What now? Well, prayers for the afflicted are always appropriate, especially for anyone you know, more especially if those prayers spur you to do something besides look for pictures of disaster on your TeeVee. A little thankfulness that at least one convention will spend one less day inflicting politics as usual on the electorate is also in order. But this prediction?

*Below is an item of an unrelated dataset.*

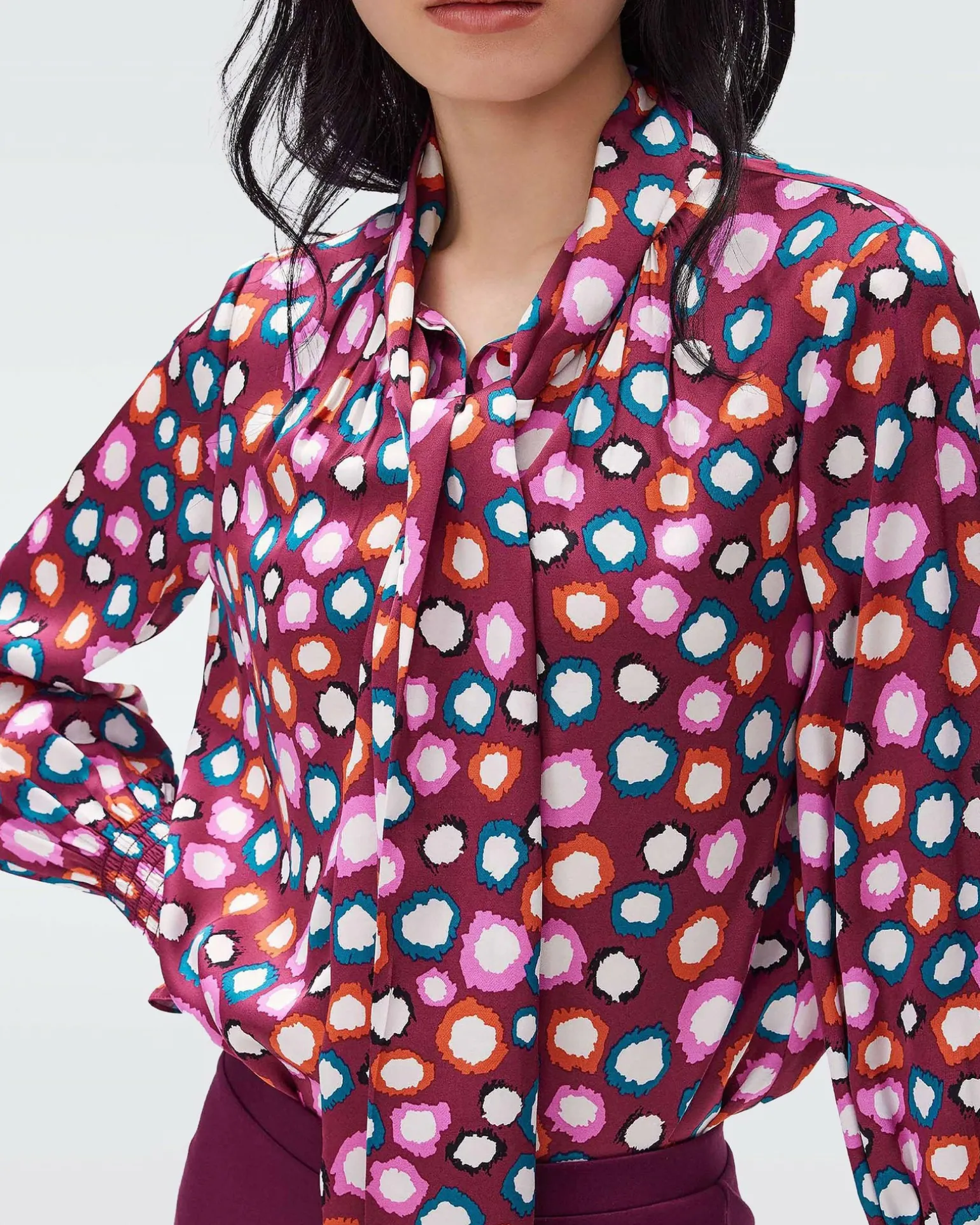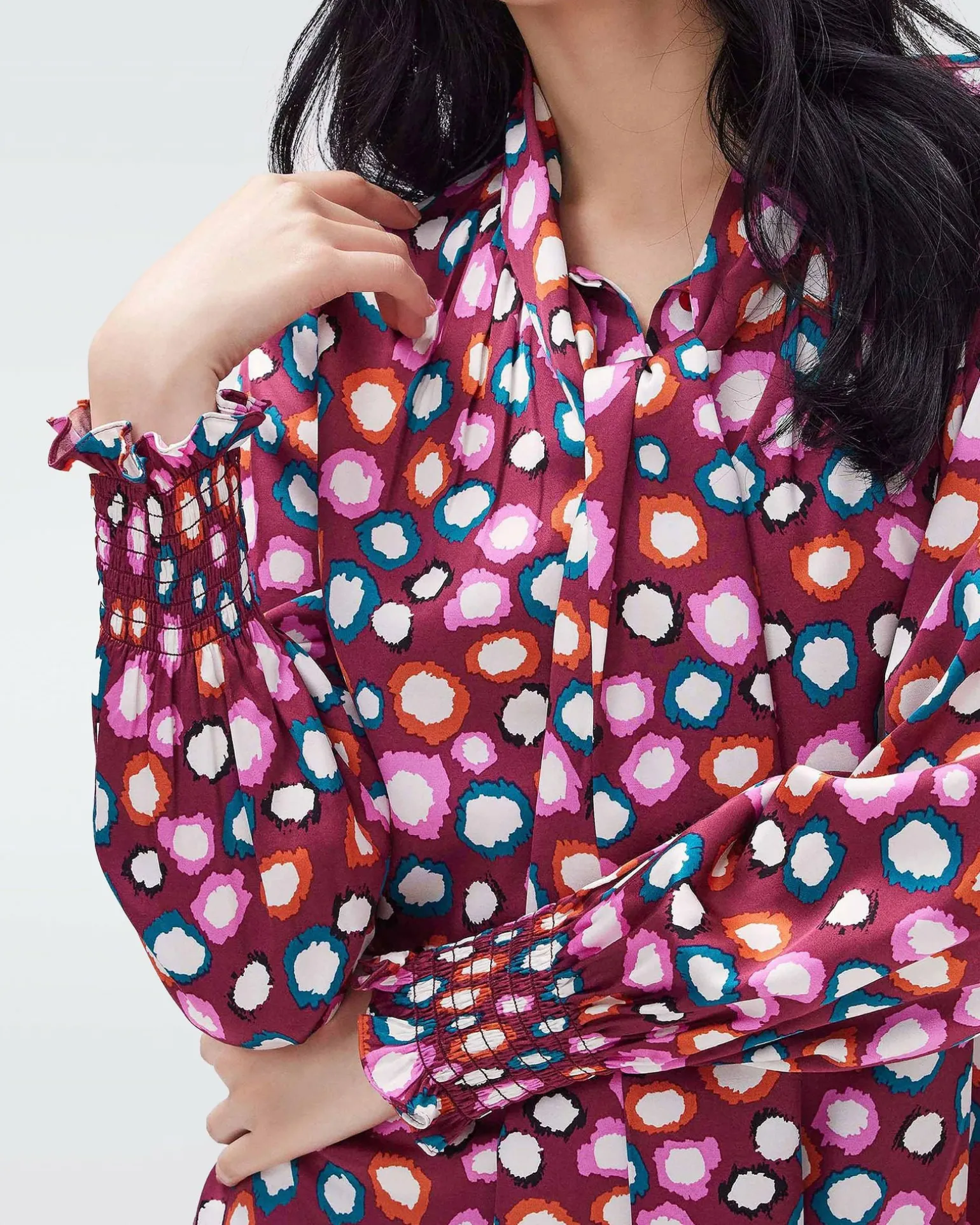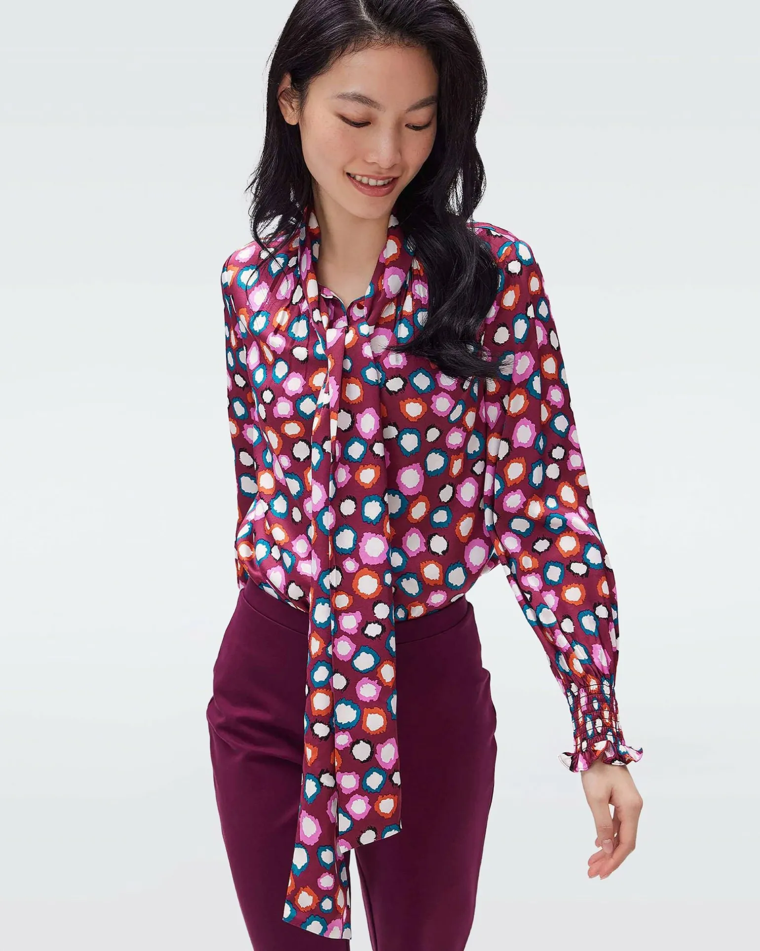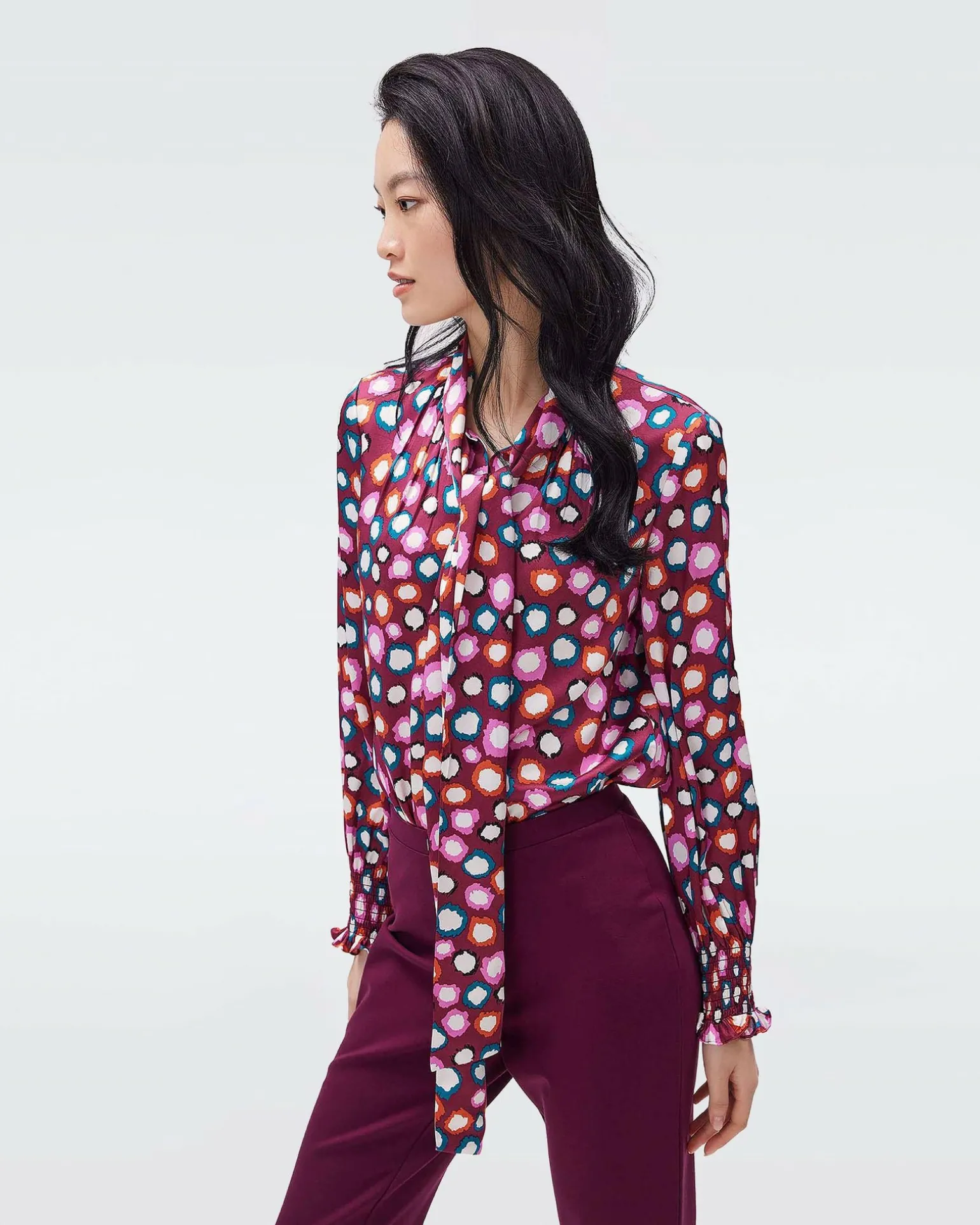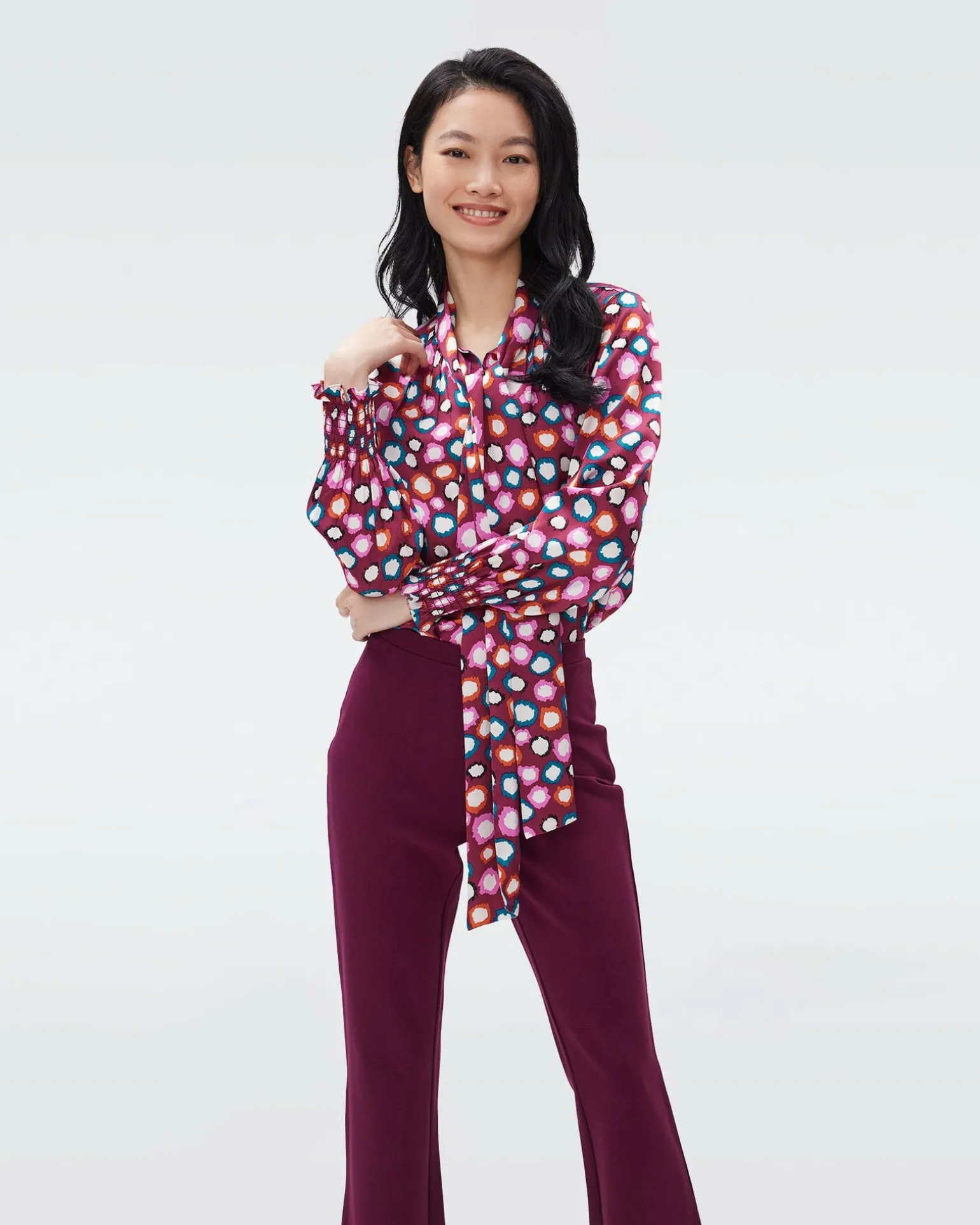 Cut From A Soft Chiffon, The Tina Top Has A Light And Breezy Feel. This Piece Has Long Sleeves, Cinched Wrists With Flared Cuffs, And A Neck Tie That Can Be Left Open Or Closed.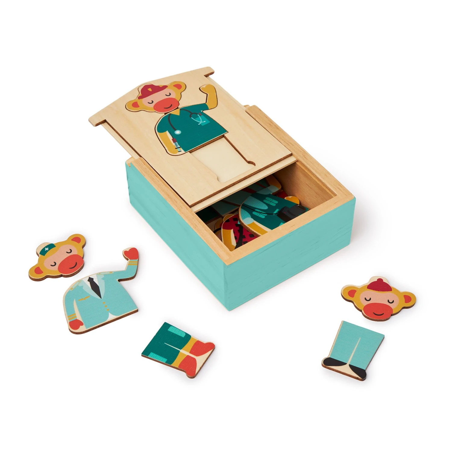 Le principe est simple : il suffit d’habiller le singe avec les vêtements en bois, plein de combinaisons sont possibles pour un maximum de fun !

Tuesday is also probably shot. His campaign has chartered a plane to send worried delegates back home. The vast roster of fundraisers in town has been put to work raising money for the relief effort. The party atmosphere has been redirected. The Distilled Spirits Council, aka the booze lobby, has turned its Monday party into a fundraiser for the Red Cross.
And this?

By taking bold public steps, he also burnishes his credentials as a crisis manager and distances himself from Bush.
I think it's clear McCain had as much to do with managing the crisis of Gustav as he did with the release of hostages in Colombia. If Tuesday is "shot" for the GOP Convention, I imagine most of us will mourn it just as we did the news that President Bush and Vice President Cheney wouldn't be speaking after all.

It really is an ill wind that blows nobody some good.